Flow-Based REST API with Flowex and Plug

Anton Mishchuk
9 min readJul 6, 2017

--

Flowex is Flow-Based Programming framework built on top of Elixir GenStage library. It is a set of abstractions which allows writing program with Railway FBP paradigm. You can read more about Flowex in this post.

I’ve written a couple of posts about the library and had a few of talks on Elixir club and Pivorak meetups. And I’ve noticed there are two main questions that appear after one get aquatinted with Flowex.

1. Is it possible to design real applications in Railway-FBP paradigm that Flowex propose?

2. Does GenStages bring significant performance overhead to the application?

The goal of the article is to get the positive answer to the first one and negative to the last.

I’ve prepared a simple Elixir application called plug_flowex which is the simplest prototype of REST API for an imaginary blogging platform.
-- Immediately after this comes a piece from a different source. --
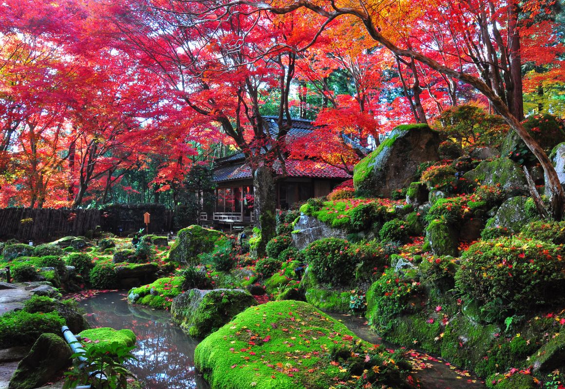 紅葉の名所として名高く、庭園は小堀遠州作と伝わる名勝。平時は非公開で、春・秋の公開と紅葉ライトアップはホームページで確認を。

It has only 2 endpoints (GET user and GET post) and, for simplicity, reads data from text file. But this is enough to understand the principles of design and measure performance.

After reading the article you will know about

  1. Flowex application design approach
  2. Pipelines and pipes initialization process
  3. Components and pipelines reuse
  4. Visualization of pipelines
  5. Pipeline performance versus the performance of the same code evaluated in one process

Plug and Flowex

Elixir Plug library introduces a concept of “plugs” — functions with a similar interface that accept Plug.Conn structure and must return the same but modified structure. This enforces developer to design application using so-called “Railway Oriented Programming” pattern, where an application is a pipeline of functions with similar interface.

This pattern also underlies the Flowex library. The only difference is that every function call is placed into separate process — GenStage, thus allowing to execute code in parallel.

When you design application in such way you need just think about “happy path” — how the input data (information packages or IPs) should be transformed to turn input into output. Then you prepare “plugs” (or “pipes” in Flowex) and assembly them into a pipeline.

Application overview (code)

There are 2 endpoints in the application:

  • GET /api/:user_id
  • GET /api/:user_id/posts/:post_id

There is also “GET sync_api/:user_id” endpoint used for benchmarking. We will return to this later.

Take a look at PlugFlowex module where the actions begin.

defmodule PlugFlowex do
use Plug.Router
# ...
get "api/:user_id" do
pipeline = Application.get_env(:plug_flowex,
:get_user_pipeline)
result = GetUserPipeline.call(pipeline,
%GetUserPipeline{conn: conn})
result.conn
end
get "api/:user_id/posts/:post_id" do
pipeline = Application.get_env(:plug_flowex,
:get_user_post_pipeline)
result = GetUserPostPipeline.call(pipeline,
%GetUserPostPipeline{conn: conn})
result.conn
end
# ...
end

So, for each endpoint, there is a corresponding pipeline (stored in application environment). Each pipeline is called with Plug.Conn structure.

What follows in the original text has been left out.